An improved H 2/O 2 mechanism based on recent shock tube/laser absorption measurements

Abstract

An updated H 2/O 2 reaction mechanism is presented that incorporates recent reaction rate determinations in shock tubes from our laboratory. These experiments used UV and IR laser absorption to monitor species time-histories and have resulted in improved high-temperature rate constants for the following reactions: H + O 2 = OH + O H 2 O 2 ( + M ) = 2 OH ( + M ) OH + H 2 O 2 = HO 2 + H 2 O O 2 + H 2 O = OH + HO 2 The updated mechanism also takes advantage of the results of other recent rate coefficient studies, and incorporates the most current thermochemical data for OH and HO 2. The mechanism is tested (and its performance compared to that of other H 2/O 2 mechanisms) against recently reported OH and H 2O concentration time-histories in various H 2/O 2 systems, such as H 2 oxidation, H 2O 2 decomposition, and shock-heated H 2O/O 2 mixtures.
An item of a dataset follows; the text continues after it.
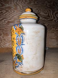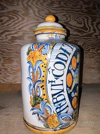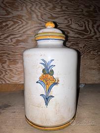 Raffinato orciolo in ceramica, usato in una farmacia storica siciliana. Dipinto a mano con linee sobrie e decorazioni vegetali.
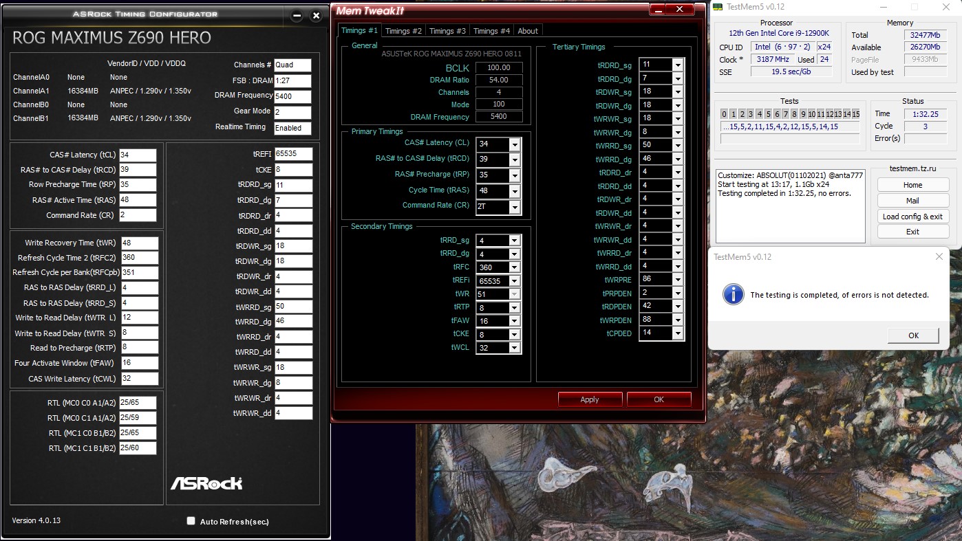 Да, ты прав. Хотя в любом случае, стабильность - дело временное. Может поплыть и со временем, а может в тестах (во всех трех) быть норм на 1-1.5 часа, а в играх (ведьмак, ПУБГ) давать ошибку. Тут либо надо на сутки ставить либо в использовании еще смотреть неделю. Эти тесты на час - исключительно для быстрой проверки, дальше шлифуем. Бывает, что даже заводской профиль xmp через 5-10 лет плывет (у меня несколько случаев с ddr3 с высокими xmp)

In addition, the mechanism is validated against a wide range of standard H 2/O 2 kinetic targets, including ignition delay times, flow reactor species time-histories, laminar flame speeds, and burner-stabilized flame structures. This validation indicates that the updated mechanism should perform reliably over a range of reactant concentrations, stoichiometries, pressures, and temperatures from 950 to greater than 3000 K.